🏗️ Getting Started

Architecture Overview

CodeSleuth AI is built around four core concepts: the RARV cycle, versioned handoffs, a structured artifact directory, and a compounding knowledge base. Understanding these makes every agent's behavior predictable.

The RARV Cycle

Every agent follows the same four-step micro-loop before producing any output:

R Reason — analyze inputs, form a plan

A Act — execute the plan

R Reflect — check the output against rules

V Verify — confirm acceptance criteria are met

No agent produces output that skips the Reflect or Verify step. This prevents silent failures and half-complete tasks.

Complexity Tiers

Every project is automatically assigned a complexity tier at Discovery. The tier governs how many security domains are reviewed, how many test contracts are required, and which performance budget thresholds apply.

Tier	Criteria	Security Domains	TC Requirement
Simple	Single platform, no auth, no payments, no external APIs	5 (LOW only)	1 TC per task minimum
Standard	Auth, database, 1–2 platforms, standard API integrations	HIGH+ domains	2 TC per task minimum
Complex	Multi-platform, payments, multi-tenant, ML/AI components	All 20 domains	Full test contract suite

Two-Phase Planning

Agent 2 (Technical Planning) produces all implementation artifacts in a single pass triggered by !plan.

Output	Human Action	Purpose
TDD, INTERFACES, SCHEMA, TASK-GRAPH, contracts/	!build	Full implementation blueprint with test contracts, Zod schemas, and OpenAPI stubs.

ℹ️

Why two phases?

Phase A catches scope disagreements early — when they're cheap to fix. Without it, the Planner could spend thousands of tokens on full contracts before the human realizes the task count is wrong or a platform was missed.

Spec Change Protocol

Mid-build scope changes go through a formal review before any implementation changes. This prevents silent drift between the spec and the codebase.

1

Human issues !change [description]

Describes what needs to change — a new feature, a removed feature, or a design pivot.
2

Orchestrator produces Blast Radius Report

Lists every affected task, file, contract, and test. Estimates scope as Small / Medium / Large.
3

Human approves with !change-approve or cancels with !change-cancel

No implementation changes happen until approved.
4

Affected tasks marked STALE; CHANGE_LOG.md updated

Builder detects STALE tasks and re-plans them before executing. The changelog is permanent record.

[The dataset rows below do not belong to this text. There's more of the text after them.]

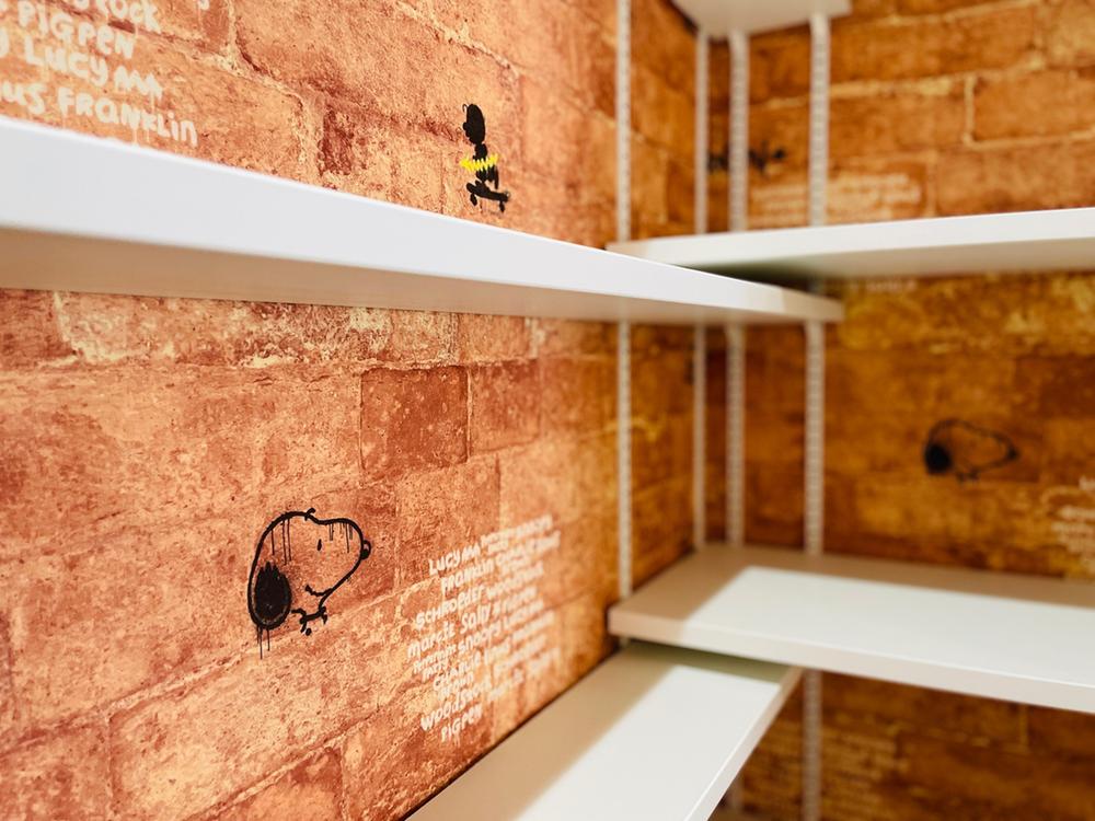 外観はシックに、内装はシンプルにまとめられていますが、プライベートな空間にはちょっとした遊びごころも。パントリーの壁紙はさりげなくスヌーピー柄です(2025年11月撮影)
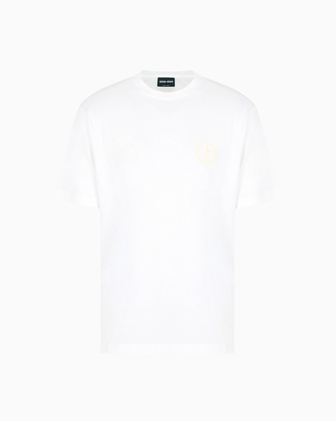 Crew-neck T-shirt made from cosy, comfortable pure cotton interlock with a relaxed feel and minimalist design. The style has short sleeves and a matching embroidered GA logo. A versatile garment that adapts to different looks, completing them with the enduring Giorgio Armani style. Product Code: GM000240TE106291U0002 Details Composition 100% Cotton Regular fit Crew neck Short sleeves Matching topstitching-effect embroidered GA logo on the chest Made in Italy Fitting The model is 188 cm tall and is wearing size 48 / M
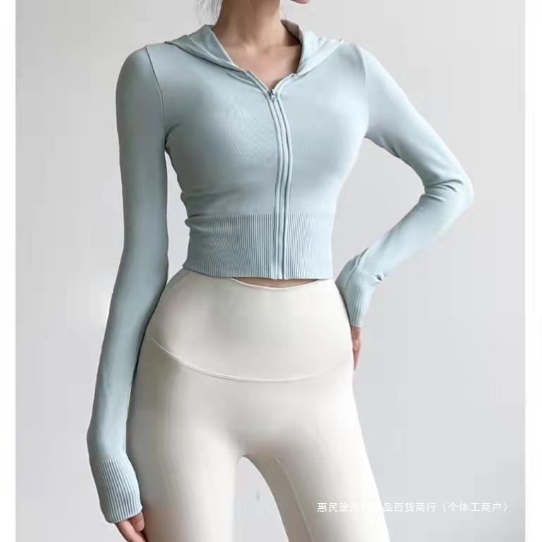 Hooded Sports Top Women’s Tight Slimming Yoga Clothes Quick-drying Breathable Training Fitness Running Long-sleeved Zipper Cardigan
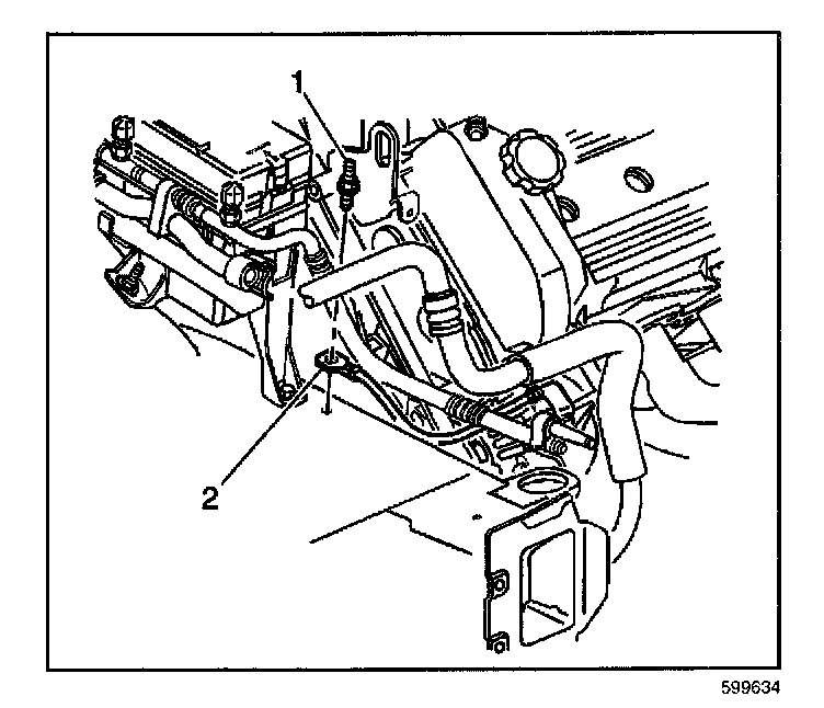 2. Remove the bolt (1) securing the engine ground cable (2) to the right side body frame rail.
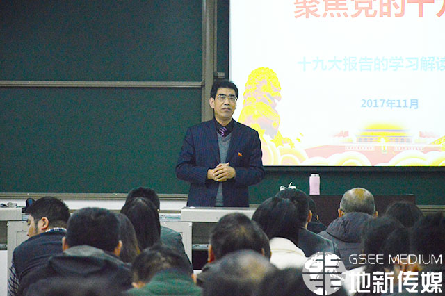 11月27日下午,必赢76net线路官网于X8321邀请公司党委十九大精神宣讲团成员、马克思主义公司党委书记刘占祥教授讲授“聚焦党的十九大”专题党课。必赢76net线路官网经理刘国祥教授、公司党委书记王齐荣教授、公司党委副书记傅尤刚、必赢76net线路官网副经理欧阳峰教授等公司领导、党委委员以及全体教职工参加了本次报告。
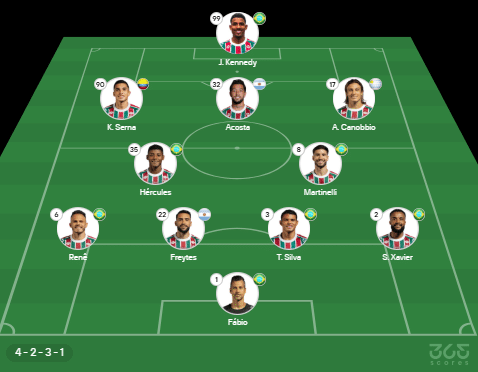 - Provável escalação do Fluminense: Fábio; Samuel Xavier, Freytes, Thiago Silva e Renê; Hércules e Martinelli; Serna, Acosta e Canobbio; John Kennedy
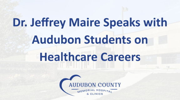 “The only way to do great work is to love what you do. If you haven’t found it yet, keep looking. Don’t settle.” Dr. Jeffrey Maire, General Surgeon at Audubon County Memorial Hospital began his presentation with this quote from Steve Jobs. In front of an auditorium of students from 8-12th grade, Dr. Maire talked about career paths and the unexpected twists and turns your life may take.
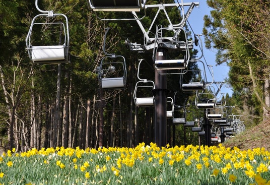 ゲレンデ一面にはスイセン畑がお花の中を散策いただけます おすすめはリフト片道乗って頂き下りながらお花を観賞いただくコースです 春の新緑の山並みもきれいです
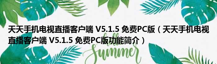 天天手机电视直播客户端 V5.1.5 免费PC版(天天手机电视直播客户端 V5.1.5 免费PC版功能简介)
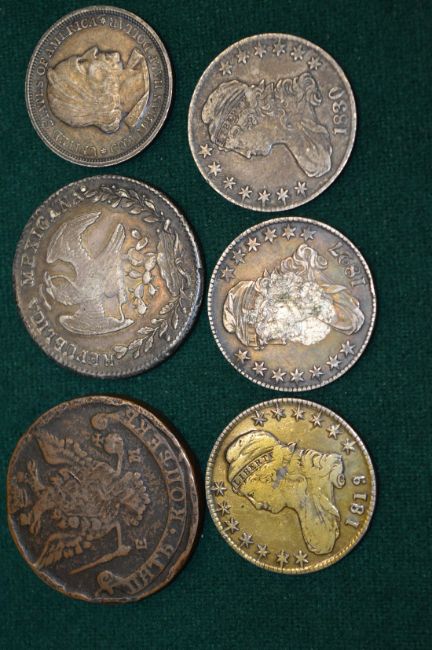 A group of American and other coins to include three early 19th century 50 cent pieces.
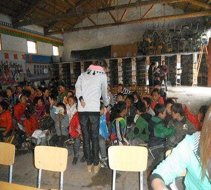 后來的日子里,我們?nèi)フ砹撕⒆觽兊男D書館,從那些捐來的書籍中我們感受到了恰當?shù)年P懷和值得反思的捐贈。很開心書架上不乏《十萬個為什么》《上下五千前》《童話故事》等適合孩子們的圖書,但也有《審計年鑒》《大學英語教程》《武俠小說》等在我看來不那么合適的書籍,也許捐贈者另有心意吧,希望原本漢語水平不高的他們能夠成為一個藏區(qū)的金庸或者是培養(yǎng)一種對大學英語和大學問的向往吧。
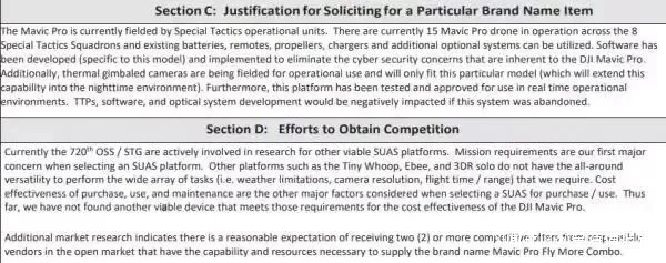 美軍自己也對禁令頗有微詞,這一年8月,美國空軍特種部隊向上打了個採購報告,表示我們試了美國本土的Tiny Whoop、Ebee、3DR Solo,但都無法滿足需求。“由於作戰任務緊急又缺乏本土替代品,希望特批採購35架大疆無人機Mavic Pro鉑金版。”
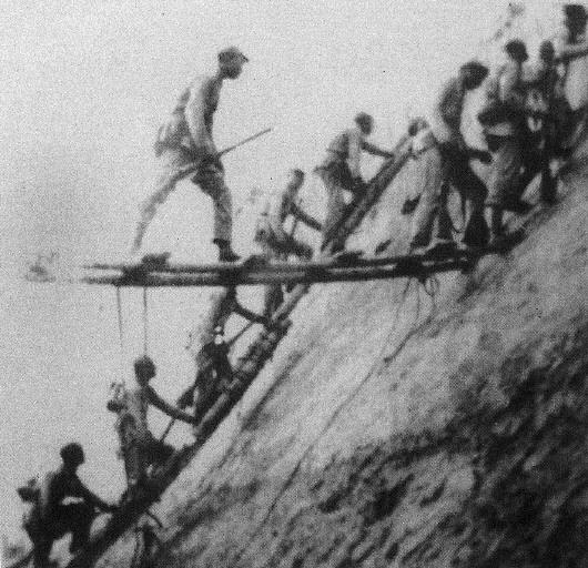 1944年,战士们在利津攻坚战中攻上城墙。 (资料片)
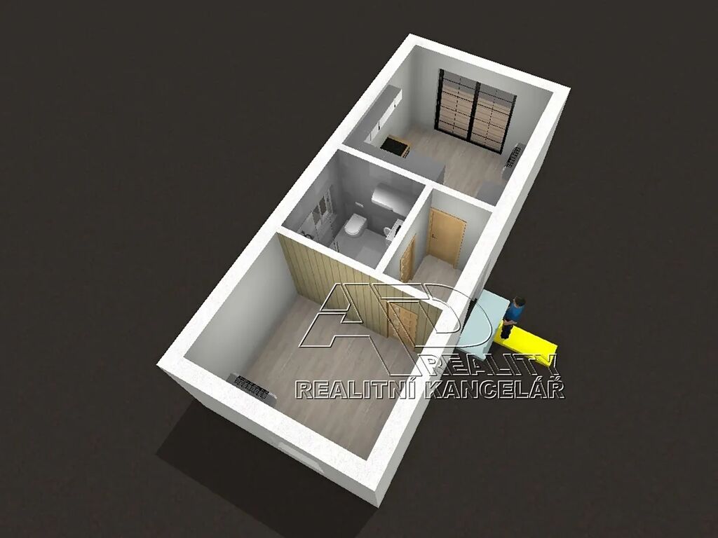 Celková plocha bytu 35m2, podlahová plocha [28m2] + terasa [7m2].
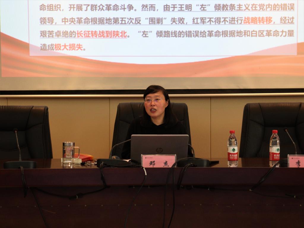 邓杰回顾了十九届六中全会的召开背景、召开情况、会议议程,重点围绕《中共中央关于党的百年奋斗重大成就和历史经验的决议》,沿中国共产党百年奋斗时间线,从历史学专业角度,生动地讲述了中国共产党夺取新民主主义革命胜利、完成社会主义革命和推进社会主义建设、进行改革开放和社会主义现代化建设的光辉历程,总结了改革开放以来党和国家事业取得的“十三大成就”,剖析了中国共产党百年奋斗的“五大历史意义”和“十大历史经验”。
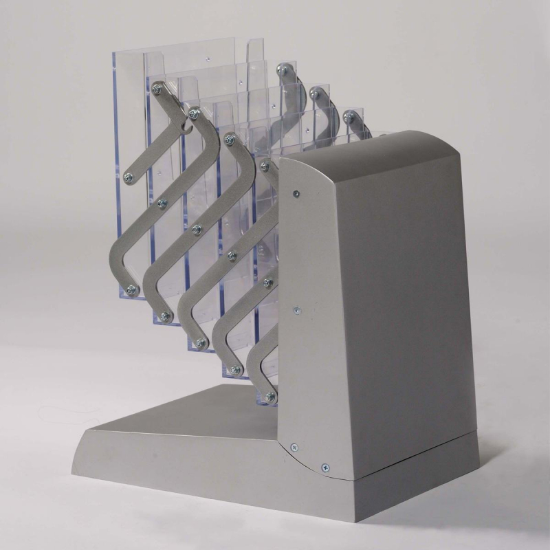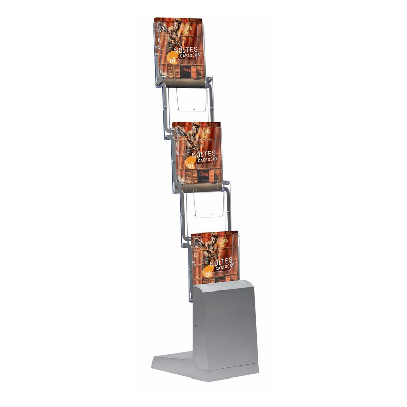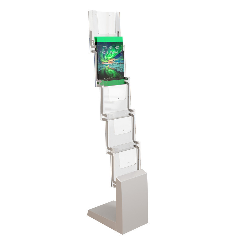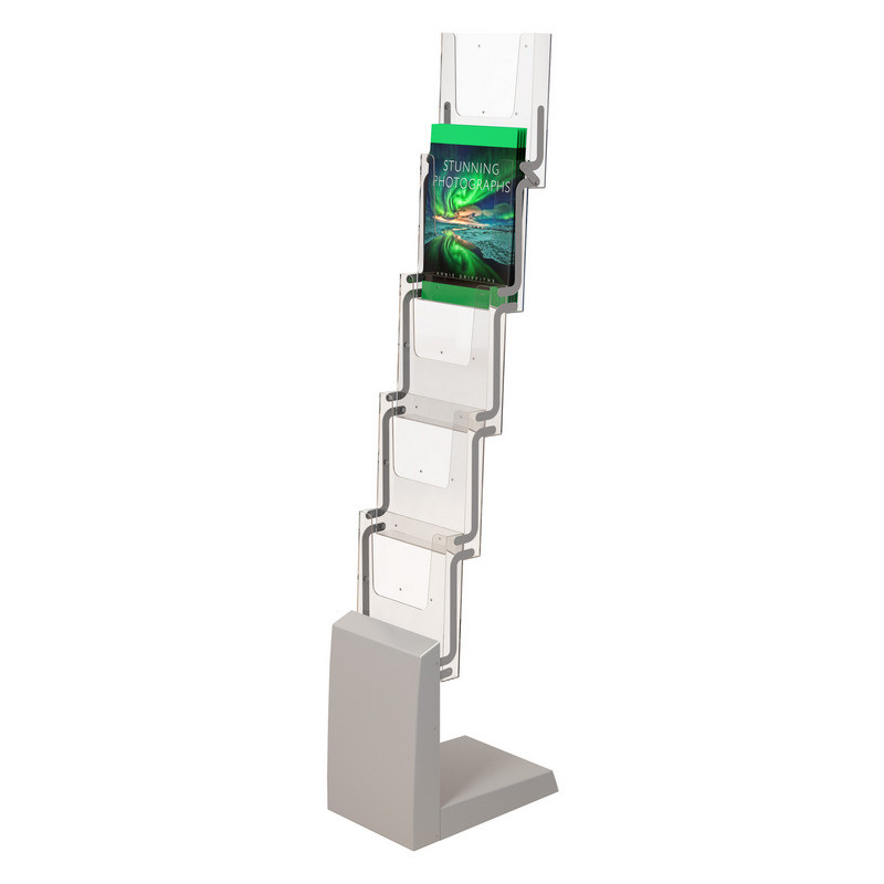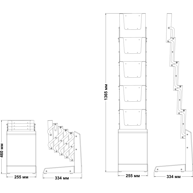 Буклетница для печатной продукции. Вид: напольная, складная, литьевая. Размер изделия 1345x255x334 мм: 1345 мм - длинна, 255 - ширина и 343 - глубина. Материал: металл, ППС. Материал основания - АБС, металл. Материал карманов - литьевой полистирол. Материал креплений - металл. Карманы: 5 карманов-полок под формат А4. Глубина кармана 4 см, стойка рассчитана на бумажную продукцию, которая уместится в данный карман. Комплект: стойка, сумка. Размер в собранном виде: 445x340 мм. Глубина стойки в раскрытом виде: 31.5 см. Упаковка: 1 шт. Вес: 2 кг. Размер вертикальной панели 34x25 см.
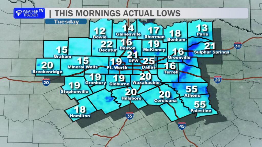 It’s another bitterly cold start across the region. Most communities woke up to temperatures in the teens and 20s, and officially at DFW Airport we dropped to 21 degrees right around sunrise.
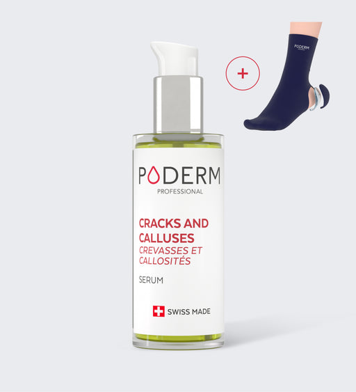PODERM® Cracks and Calluses treatment works to repair cracks in 7 days and encourage tissue regeneration. It consists of two elements that work in synergy: 1 ultra-concentrated serum and 1 pair of gel socks.
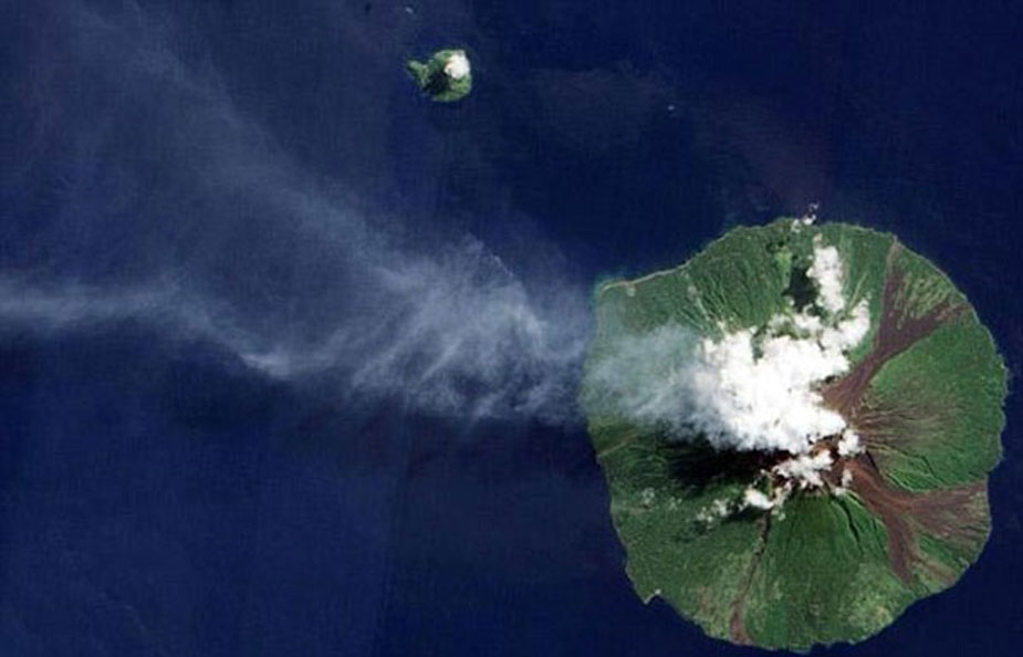 英国媒体近日公布了一组卫星上拍摄到的地球自然景观的照片,领观者颇感震撼。图为从卫星上拍到的火山喷发。
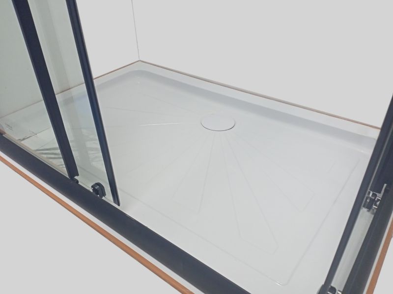 - Поддон низкий, белый из ABS-пластика, высотой 15 см, дно с рисунком против скольжения,
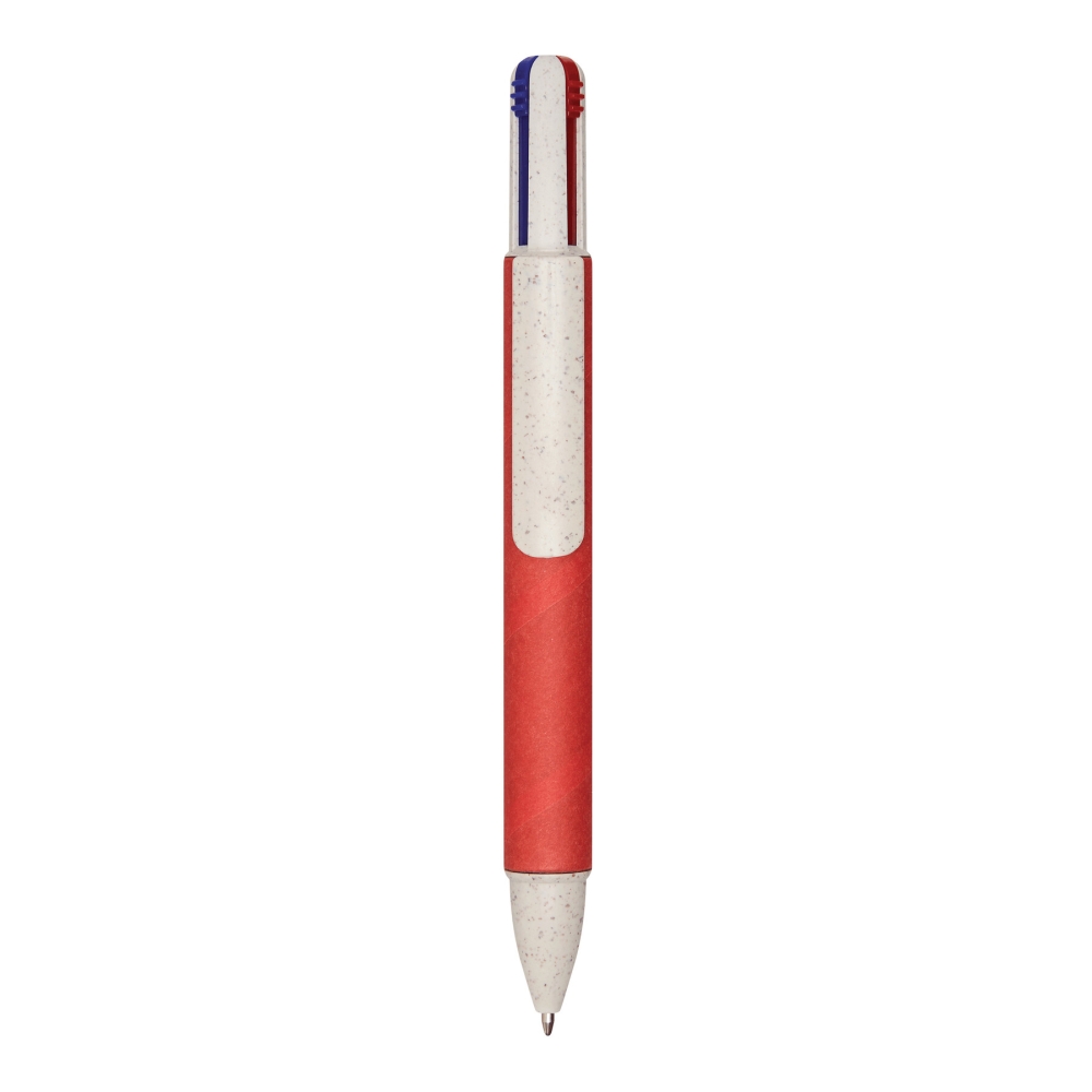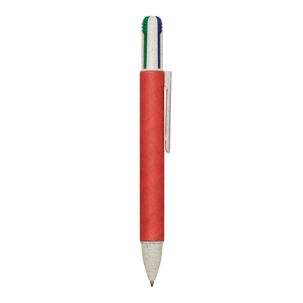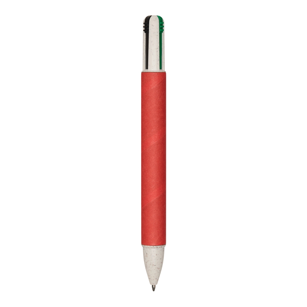 Multi ballpoint pen, four colours: made of wheat straw and ABS, barrel covered in recycled carton, push mechanism, ball pen refills with black, red, blue, and red ink. Dimensions: 14,3 cm

Artifact Directory Structure

All pipeline artifacts are written relative to the active project directory, never the agents directory itself.

artifacts/ ├── discovery/ │ ├── feature-spec.md # discovery output │ └── design-contract.md # web design system spec ├── build/ │ ├── TDD.md # technical design document │ ├── INTERFACES.md # API and component contracts │ ├── SCHEMA.md # database schema │ ├── TASK-GRAPH.md # ordered implementation tasks │ ├── FILE_OWNERSHIP_MAP.md # file → owning task mapping │ └── contracts/ │ ├── [module].contracts.ts # Zod schemas per module │ └── openapi.yaml # OpenAPI stubs ├── security/ │ └── SECURITY_REPORT.md ├── verification/ │ ├── VERIFICATION_REPORT.md │ ├── PERF_REPORT.md # performance budget results │ └── screenshots/ │ └── baselines/ # visual regression baselines ├── critique/ │ └── CRITICISM.md └── pipeline/ ├── HANDOFF.json # progressively versioned (v1–v6) ├── CHECKPOINT.md # builder progress snapshots ├── DECISIONS.md # architectural decisions log ├── CHANGE_LOG.md # spec change history ├── PATTERN_LIBRARY.md # reusable PATTERN-NNN entries └── KNOWN_ERRORS.md # error memory for Builder

Pattern Library

The Pattern Library is a compounding knowledge base. Every time an agent solves a non-obvious problem, it captures the solution as a PATTERN-NNN entry. Future projects query the library before writing new code, preventing the same problem from being solved twice.

Field	Purpose
`domain`	Technology area (e.g., auth, database, payments)
`stack`	Specific libraries involved
`context`	When this pattern applies
`pattern`	The implementation — code, config, or approach
`pitfall_avoided`	What goes wrong without this pattern
`reuse_signal`	Keywords that should trigger lookup
`evidence`	Source project or commit reference

Use !pattern-add to capture the current implementation as a pattern. The Planner automatically queries PATTERN_INDEX.md at build start.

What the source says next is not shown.